When building an LLM-based application, evaluating the model's performance using clear and measurable metrics is a critical and often challenging step. These metrics not only help assess how well the model performs but also allow us to quantify the impact of any changes made to the application—such as integrating a Vector database—by determining whether these changes improve or degrade the application's overall performance.

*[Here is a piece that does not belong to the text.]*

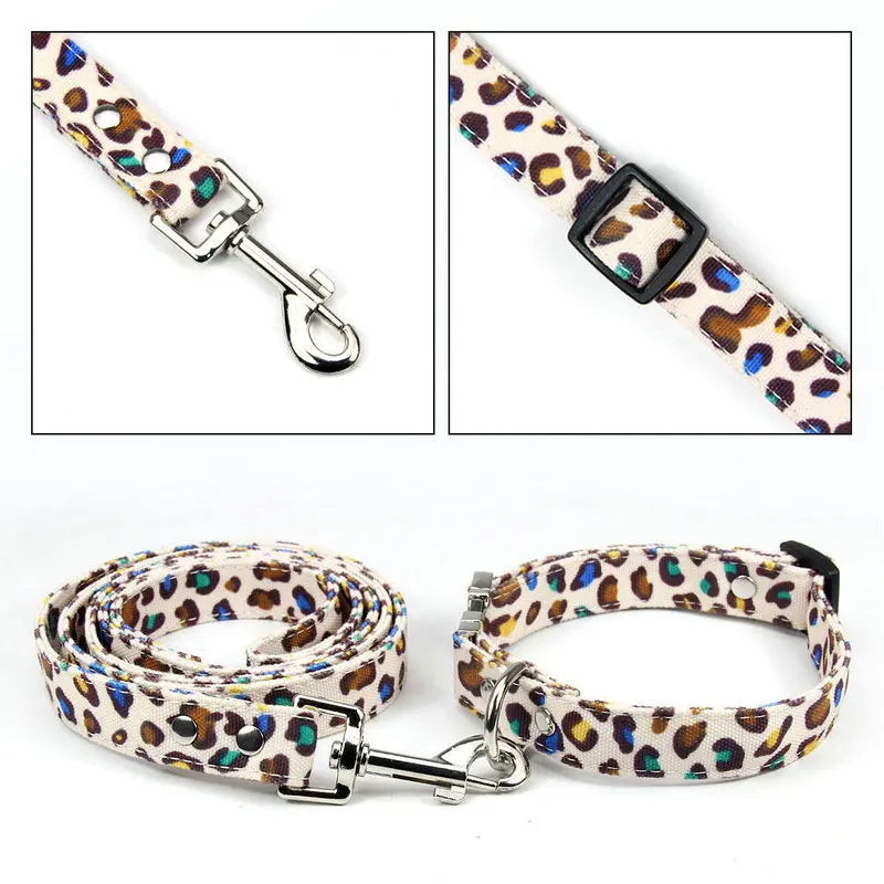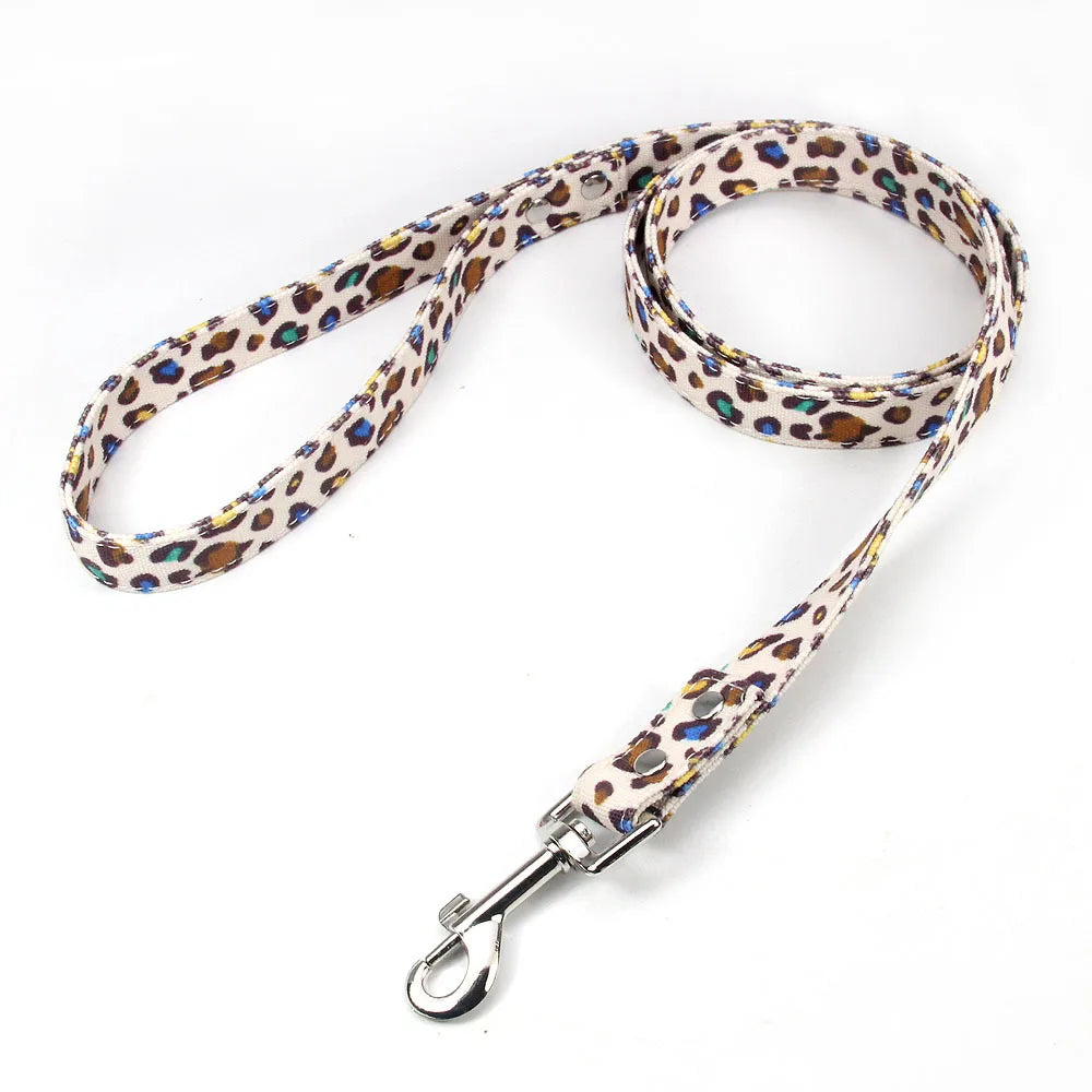This set includes both the collar and matching leash in the same colourful leopard pattern. With its simple, stylish design and durable metal buckle, it combines everyday practicality with a bold touch of fashion.

This notebook explores some frameworks to evaluate LLM based applications.

## Notebook Outline:

* Example generation
* Manual evaluation (and debuging)
* LLM-assisted evaluation
* LangChain evaluation platform

## 1. Load and import required libraries

In [1]:
import os

from dotenv import load_dotenv, find_dotenv
_ = load_dotenv(find_dotenv()) # read local .env file

In [2]:
# account for deprecation of LLM model
import datetime
# Get the current date
current_date = datetime.datetime.now().date()

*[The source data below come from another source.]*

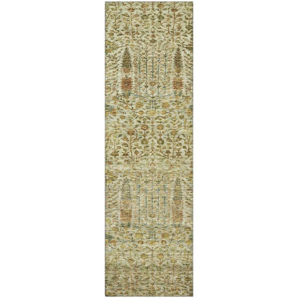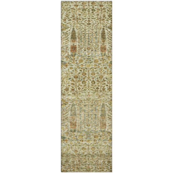 Mayfield Premium Machine Washable Abstract AMF2053 Wheat 2 ft. x 7 ft. Runner Rug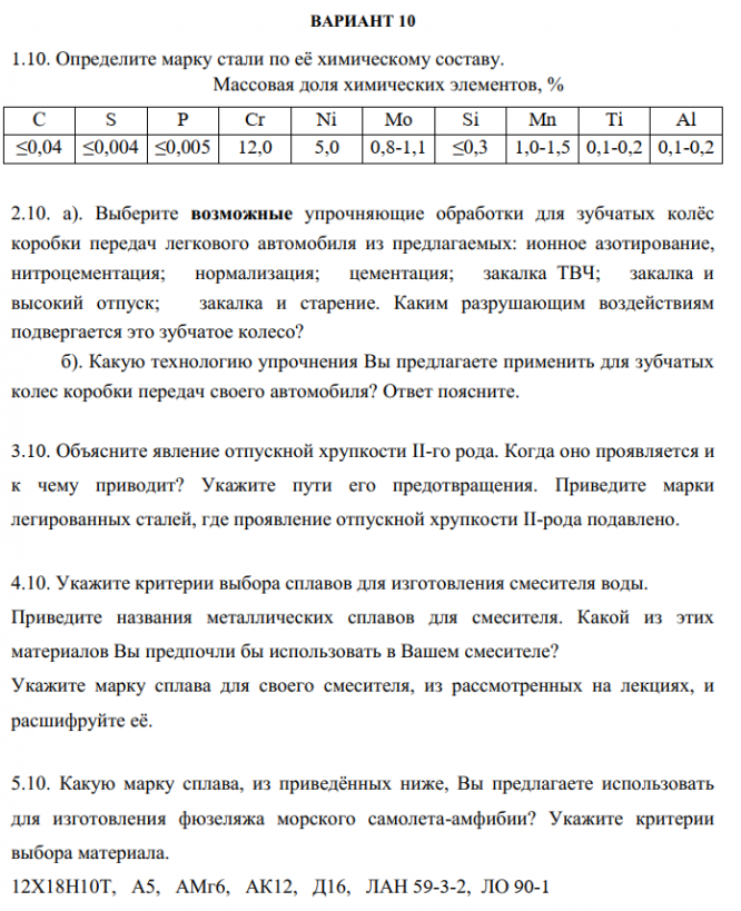 ОТВЕТ НА 27 ВАРИАНТОВ К РК №2: Маркировка стали, ХТО стали, конструкционные материалы!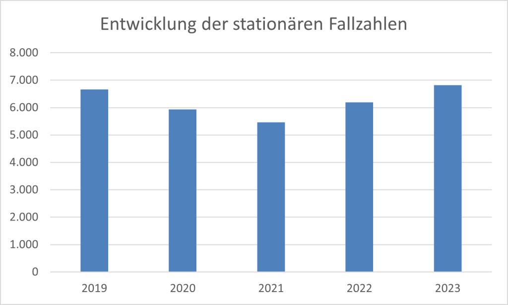 Im Jahr 2020, dem ersten Jahr der Corona-Pandemie, reduzierte sich die stationäre Fallzahl um rund 11 % auf 5.933. Im Jahr 2021 verringerte sich die Zahl der stationär aufgenommenen Kassenpatienten nochmals um rund 8 %. In den Jahren 2022 und 2023 war hingegen ein deutliches Wachstum der stationären Fallzahlen von 13 % bzw. 10 % festzustellen. Im Jahr 2023 wurden erstmals wieder mehr Patienten stationär aufgenommen als vor der Corona-Pandemie
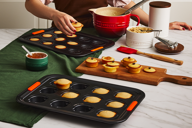 Preheat the oven to 350°F (175°C). Lightly oil the two Round Dutch Oven Cakelet Pan cavities with butter. Use a Basting Brush to ensure all crevices are evenly coated.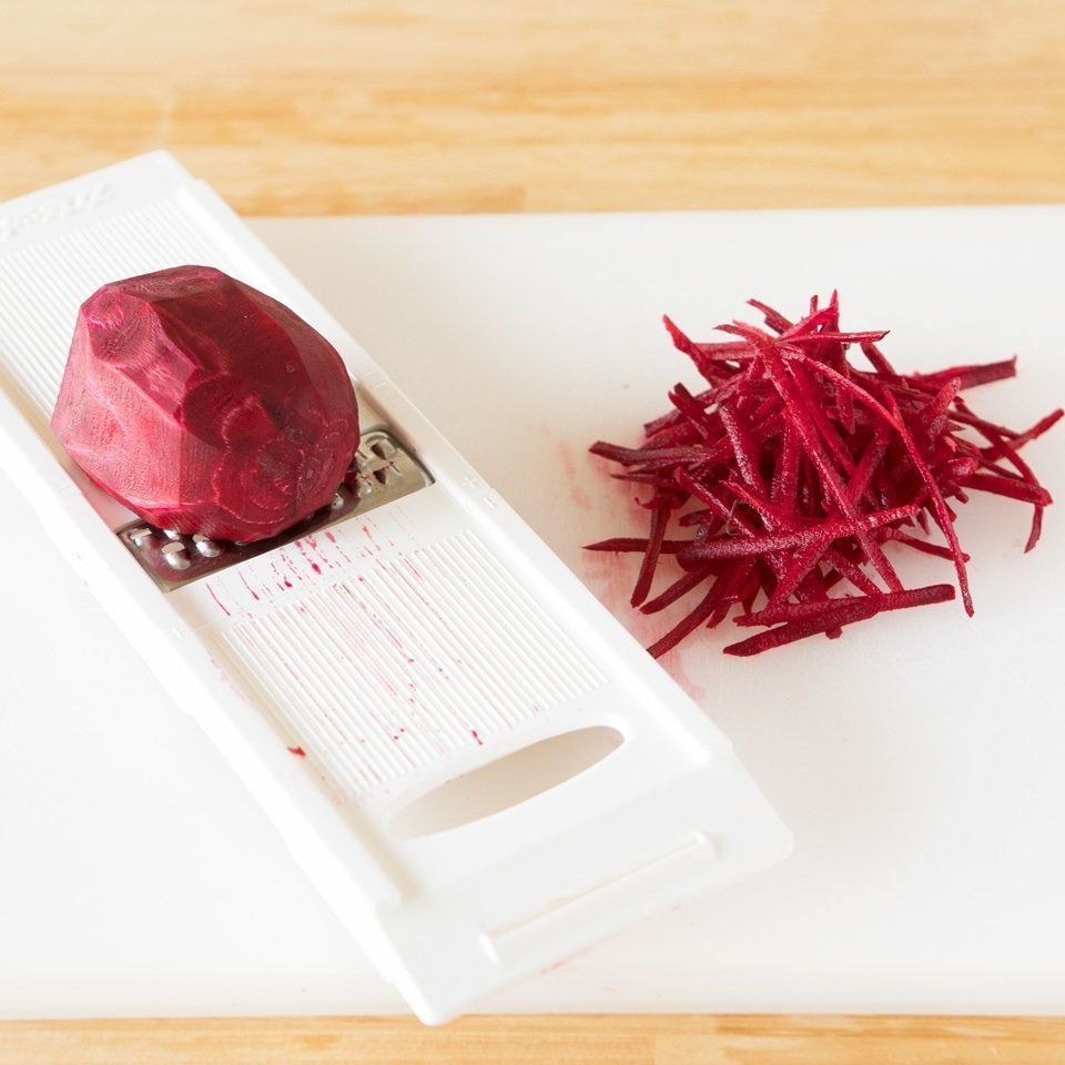 今回は、キャロットラペみたいなせん切りサラダにしようと思うので、せん切りスライサーでザクザクせん切りにしていきます。ビーツは硬いから、力を入れるあまり、手まで切らないように気をつけてくださいね。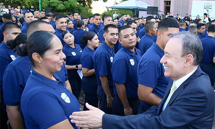 “Hoy vemos a jóvenes que no buscan solo un empleo, sino una causa. Mujeres y hombres que entienden que portar un uniforme es asumir una responsabilidad con la sociedad. En Sonora estamos formando policías con vocación, con valores y con preparación, porque la seguridad se construye con personas comprometidas con su comunidad”, expresó el gobernador Alfonso Durazo Montaño.

# Define the date after which the model should be set to "gpt-3.5-turbo"
target_date = datetime.date(2024, 6, 12)

# Set the model variable based on the current date
if current_date > target_date:
    llm_model = "gpt-3.5-turbo"
else:
    llm_model = "gpt-3.5-turbo-0301"

In [3]:
from langchain.chains import RetrievalQA
from langchain.chat_models import ChatOpenAI
from langchain.document_loaders import CSVLoader
from langchain.indexes import VectorstoreIndexCreator
from langchain.vectorstores import DocArrayInMemorySearch
from langchain.embeddings import OpenAIEmbeddings

## 2. Create our QandA application

In [4]:
file = r"..\Data\OutdoorClothingCatalog_1000.csv"
loader = CSVLoader(file_path=file)
data = loader.load()

What the Code Does:
- Document Embedding: The code takes documents from the `loader`, processes them into text, and converts them into vector embeddings using the specified `embeddings` model.
- Index Creation: The embeddings are stored in a `DocArrayInMemorySearch` vector store, creating an index that can be queried for similarity-based search.
- Search-Ready: The resulting `index` can now be used to perform tasks like question-answering, semantic search, or retrieving relevant documents based on input queries.

Breakdown:
1. **`VectorstoreIndexCreator`**:  
   - This is a utility in LangChain that simplifies the process of creating an index for vector-based search. It manages the pipeline for embedding documents, storing them in a vector store, and making them searchable.

2. **`embedding=embeddings`**:  
   - This specifies the embedding model to be used.  
   - The `embeddings` variable likely holds a pre-trained embedding model (e.g., OpenAI's embeddings, Sentence Transformers, etc.), which converts text into numerical vectors for similarity search.

3. **`vectorstore_cls=DocArrayInMemorySearch`**:  
   - `DocArrayInMemorySearch` is a vector store implementation. It stores document embeddings in memory, making it fast for small to medium datasets.  
   - This is a lightweight, in-memory solution for vector storage and similarity search, part of DocArray's library.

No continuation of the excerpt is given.